5. As regards technical testing and analysis service, claim has been rejected on the ground that the invoice is in the name of M/s. Ashima Ltd. who has made the payment. In this case also if the appellants are able to show the evidence of payment of service tax by them and the relationship of the service with the goods exported and also evidence to show that M/s. Ashima Ltd. have not taken the credit of service tax in their books of account, refund may have to be sanctioned to the appellants. In this case it has been held that the appellants were not able to show any document that service tax was paid by them. To show that refund is available in respect of this service, the appellant relied upon the decision in the case of F. Ahmed & Co. v. CC 1993 (67) ELT 759 (GOI) to submit that merchant exporter is entitled to rebate and for this purpose a no objection certificate from the manufacturer would be adequate. It is their contention that the decision is applicable to the present case. I am not convinced that this decision is squarely applicable. Appellants have to show non availment of cenvat credit by the manufacturer and the fact of payment of service tax by them and fulfilment of other conditions to be eligible for refund of service tax paid on technical testing and analysis service.

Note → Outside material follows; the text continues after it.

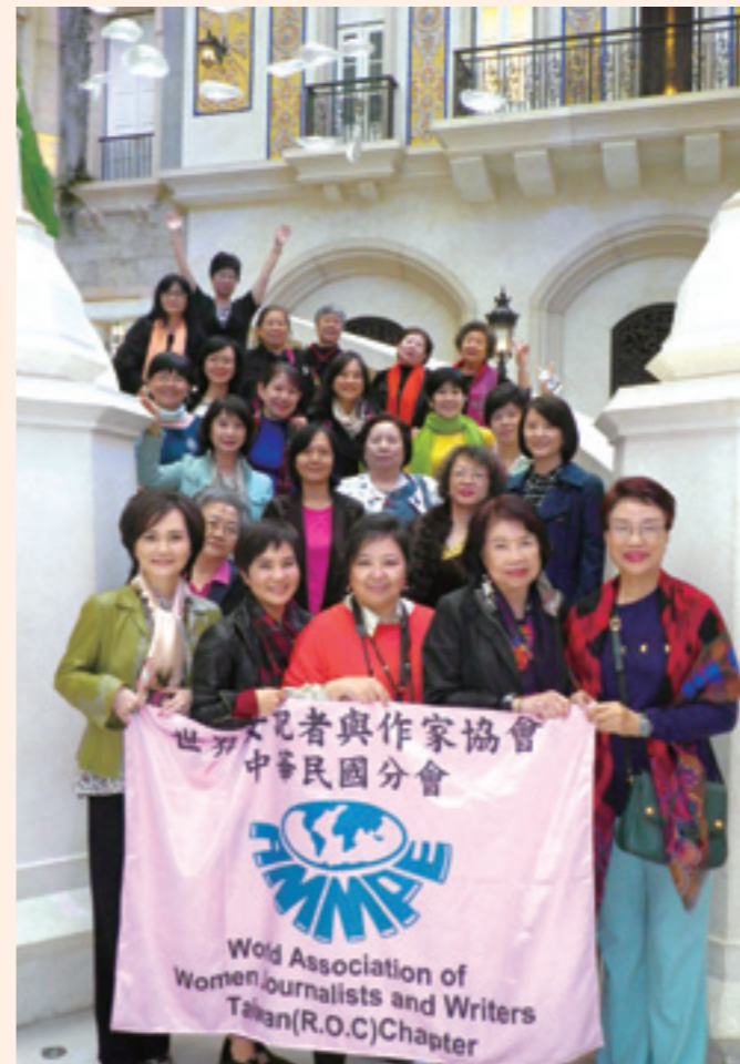
▲本會澳門參訪團員 2013 年 11 月 28 日在澳門 MGM 大廳展示本會會旗合照。

2013 年 11 月 24-27 日的澳門參訪之行，出乎預料的圓滿成功。我團陣容堅強，群星燦爛，受到澳門各方面高規格接待。澳門大學更對我團的參訪極其重視，舉辦了三場座談會，師生反應熱烈，我團 12 位與談人也做了充分準備，發揮長才。本期會刊特闢專輯，對此次參訪做完整的報導。

6. The GTA service received for transportation of empty container to the premises of exporter is also admissible in view of the fact that the notification provides for refund of service tax paid in respect of services used in relation to export and in this case it cannot be denied that the transport of empty container to the exporter’s premises was necessary and was received in relation to exported goods.

7. One of the claims has been rejected in order in appeal No. 343/9 dated 30.12.09 on the ground that the same is time barred. On this issue there are subsequent decisions of the Tribunal directly applicable to notification No. 41/07 and subsequent amendment notifications. If the appellants cite these cases, the applicability of these decisions may be considered and the refund claim rejected on the ground of time bar also may be considered in the light of decisions, if any that may be cited by the appellants.

8. In the result the impugned orders are set aside and the matter is remanded to the original adjudicating authority for fresh consideration of all the refund claims in the light of observations made in this order.